## Exercise details
With the pictures omitted, repeat exactly the lines below starting with the line that has "ရေကြီးရေလျှံမှုဖြစ်ပွားသည့်နေရာများ၌ ကူညီကယ်ဆယ်ရေး လုပ်င" and going on through the line that has "실거래가를 보고 싶은".

## Supplied information
-----

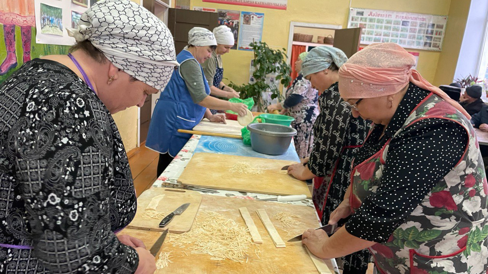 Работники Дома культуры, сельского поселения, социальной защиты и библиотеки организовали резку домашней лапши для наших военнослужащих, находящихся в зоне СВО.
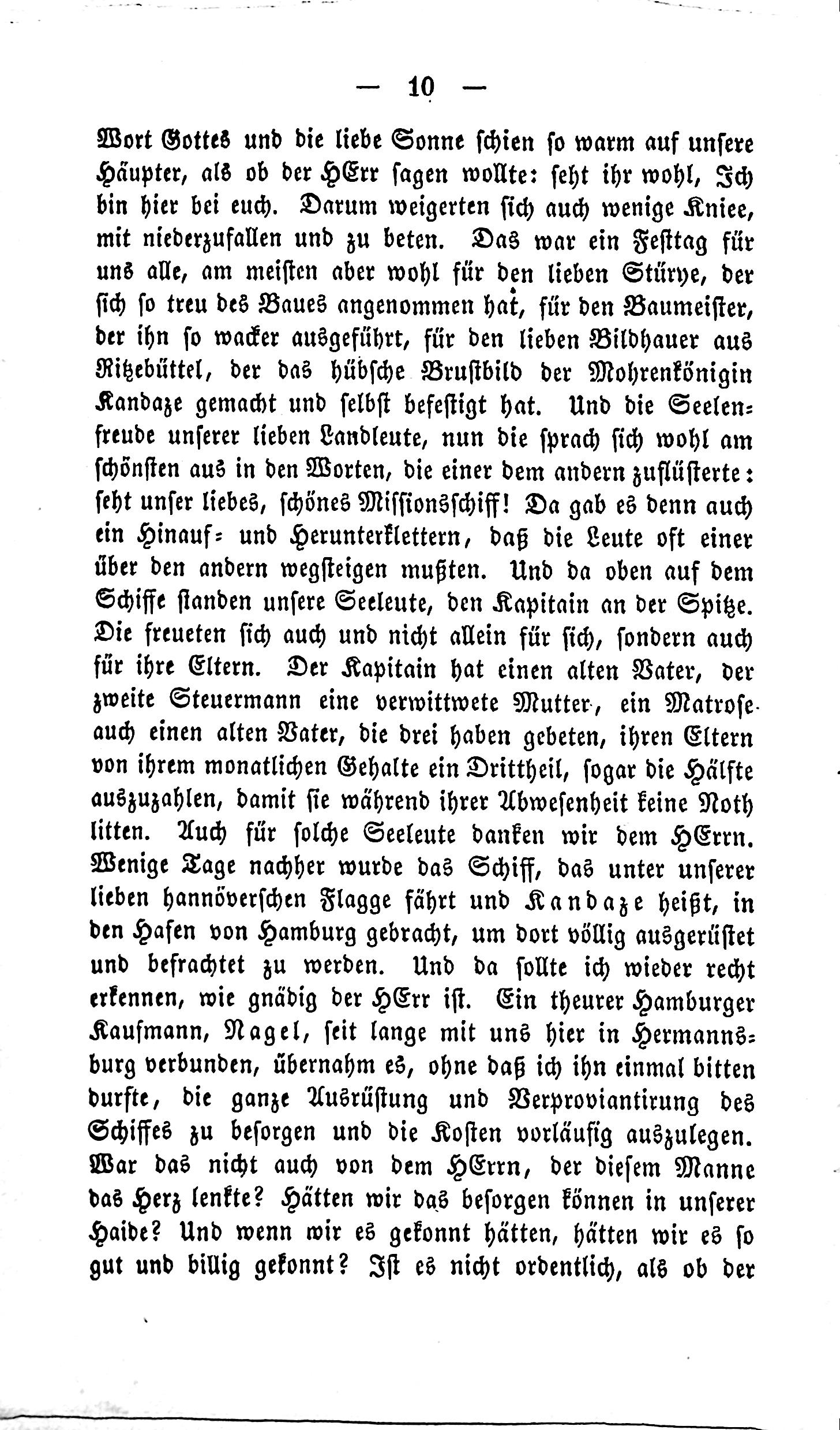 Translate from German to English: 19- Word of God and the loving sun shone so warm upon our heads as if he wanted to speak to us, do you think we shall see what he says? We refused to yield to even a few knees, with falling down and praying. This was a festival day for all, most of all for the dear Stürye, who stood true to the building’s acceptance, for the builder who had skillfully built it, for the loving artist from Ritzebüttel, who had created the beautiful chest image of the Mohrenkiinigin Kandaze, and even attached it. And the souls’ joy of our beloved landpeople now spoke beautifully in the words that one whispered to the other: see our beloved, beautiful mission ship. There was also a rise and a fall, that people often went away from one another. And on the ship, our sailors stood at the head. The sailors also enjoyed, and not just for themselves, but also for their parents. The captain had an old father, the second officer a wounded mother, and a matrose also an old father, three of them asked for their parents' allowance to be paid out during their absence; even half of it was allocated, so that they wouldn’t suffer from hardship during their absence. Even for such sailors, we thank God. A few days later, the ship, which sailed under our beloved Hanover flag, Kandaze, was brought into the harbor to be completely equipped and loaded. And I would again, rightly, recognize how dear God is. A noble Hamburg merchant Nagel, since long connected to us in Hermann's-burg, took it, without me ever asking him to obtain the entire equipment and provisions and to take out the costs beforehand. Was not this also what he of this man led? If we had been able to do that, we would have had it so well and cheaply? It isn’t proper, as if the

-----

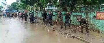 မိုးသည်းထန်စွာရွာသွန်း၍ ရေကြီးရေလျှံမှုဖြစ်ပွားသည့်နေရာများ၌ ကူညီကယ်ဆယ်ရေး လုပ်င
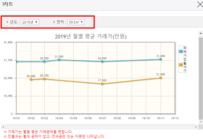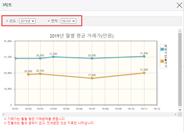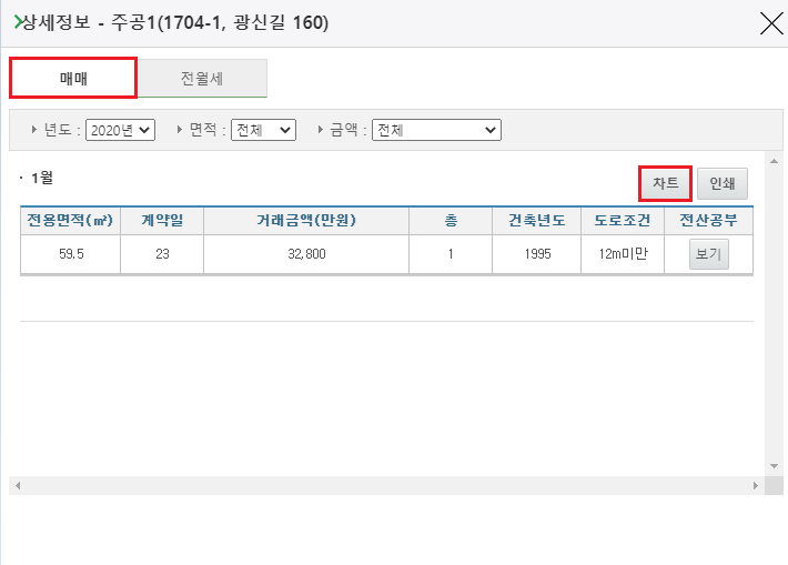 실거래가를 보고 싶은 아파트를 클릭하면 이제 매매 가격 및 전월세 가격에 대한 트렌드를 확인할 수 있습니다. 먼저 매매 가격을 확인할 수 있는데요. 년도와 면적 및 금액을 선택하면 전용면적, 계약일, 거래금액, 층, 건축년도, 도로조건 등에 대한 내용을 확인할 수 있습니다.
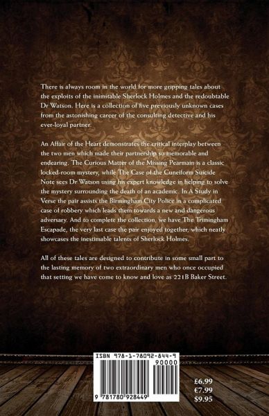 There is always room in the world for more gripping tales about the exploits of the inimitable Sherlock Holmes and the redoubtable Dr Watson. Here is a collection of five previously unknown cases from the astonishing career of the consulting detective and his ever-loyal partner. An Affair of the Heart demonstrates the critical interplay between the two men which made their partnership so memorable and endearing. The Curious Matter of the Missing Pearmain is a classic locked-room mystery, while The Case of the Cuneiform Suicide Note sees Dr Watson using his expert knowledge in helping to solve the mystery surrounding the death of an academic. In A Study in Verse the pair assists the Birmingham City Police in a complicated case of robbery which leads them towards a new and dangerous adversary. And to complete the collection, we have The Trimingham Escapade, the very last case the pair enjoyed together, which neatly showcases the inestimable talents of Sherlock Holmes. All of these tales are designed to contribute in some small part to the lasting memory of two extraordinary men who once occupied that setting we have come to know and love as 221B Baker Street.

-----

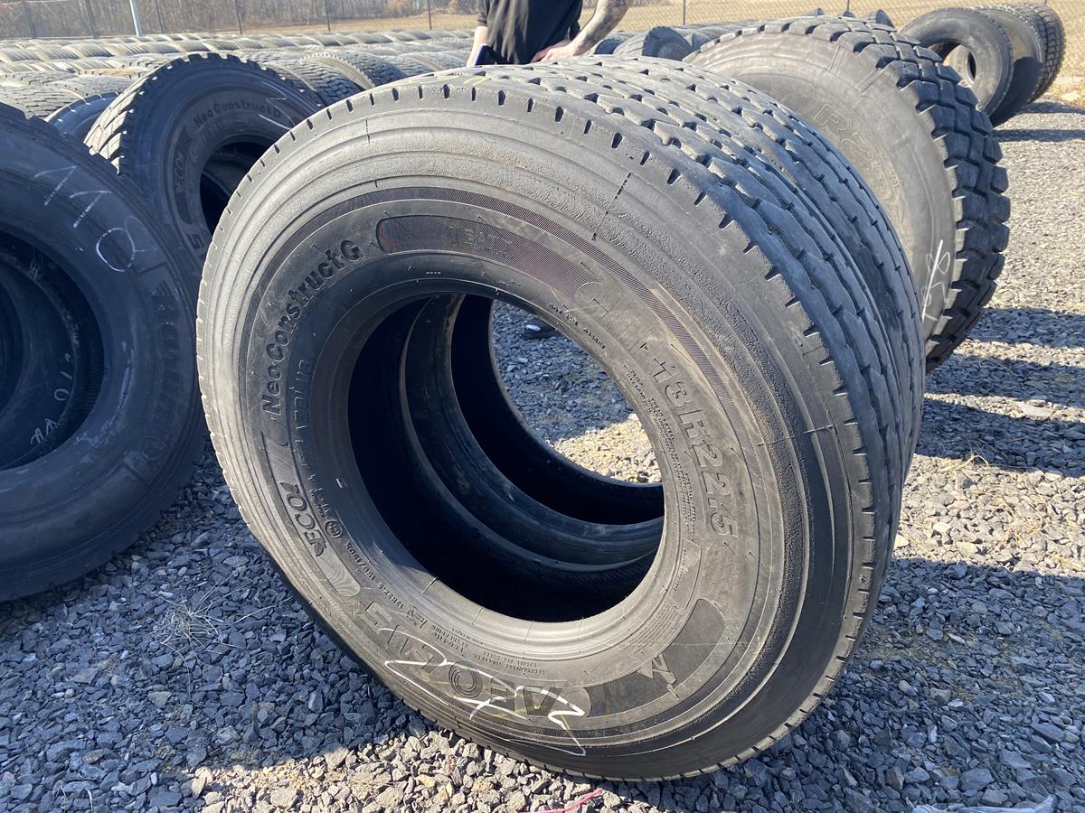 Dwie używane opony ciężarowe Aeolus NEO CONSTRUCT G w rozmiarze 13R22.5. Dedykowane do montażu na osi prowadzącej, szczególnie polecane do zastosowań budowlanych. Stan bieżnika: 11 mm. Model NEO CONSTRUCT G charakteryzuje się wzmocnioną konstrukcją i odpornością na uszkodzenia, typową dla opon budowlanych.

-----

## Response area
 မိုးသည်းထန်စွာရွာသွန်း၍ ရေကြီးရေလျှံမှုဖြစ်ပွားသည့်နေရာများ၌ ကူညီကယ်ဆယ်ရေး လုပ်င
 실거래가를 보고 싶은 아파트를 클릭하면 이제 매매 가격 및 전월세 가격에 대한 트렌드를 확인할 수 있습니다. 먼저 매매 가격을 확인할 수 있는데요. 년도와 면적 및 금액을 선택하면 전용면적, 계약일, 거래금액, 층, 건축년도, 도로조건 등에 대한 내용을 확인할 수 있습니다.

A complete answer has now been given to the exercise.